### Task to carry out
Pull out the lines from the one containing "Cooka's Cookies 92%" through the final line of the listing below and repeat them exactly. Leave the pictures behind.

### Given data
• • • •

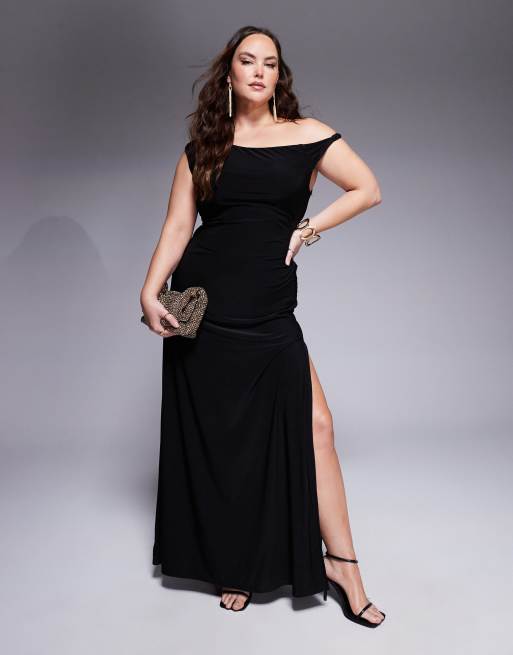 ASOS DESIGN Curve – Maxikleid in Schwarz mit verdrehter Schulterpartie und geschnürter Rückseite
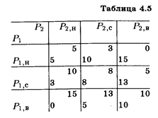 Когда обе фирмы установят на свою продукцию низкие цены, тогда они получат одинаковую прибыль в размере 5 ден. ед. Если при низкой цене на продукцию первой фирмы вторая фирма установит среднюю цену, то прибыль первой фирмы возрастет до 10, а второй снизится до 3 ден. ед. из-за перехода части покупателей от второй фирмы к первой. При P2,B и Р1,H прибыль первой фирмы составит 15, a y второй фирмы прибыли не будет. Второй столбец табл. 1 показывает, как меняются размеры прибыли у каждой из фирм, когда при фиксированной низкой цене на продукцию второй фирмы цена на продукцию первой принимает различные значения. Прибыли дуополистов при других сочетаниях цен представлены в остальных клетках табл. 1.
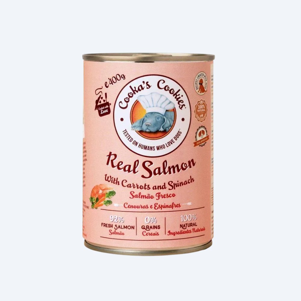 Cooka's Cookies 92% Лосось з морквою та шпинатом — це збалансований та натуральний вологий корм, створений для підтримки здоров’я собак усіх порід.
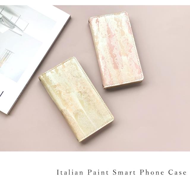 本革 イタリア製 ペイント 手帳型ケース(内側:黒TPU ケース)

• • • •

### Reply
 Cooka's Cookies 92% Лосось з морквою та шпинатом — це збалансований та натуральний вологий корм, створений для підтримки здоров’я собак усіх порід.
 本革 イタリア製 ペイント 手帳型ケース(内側:黒TPU ケース)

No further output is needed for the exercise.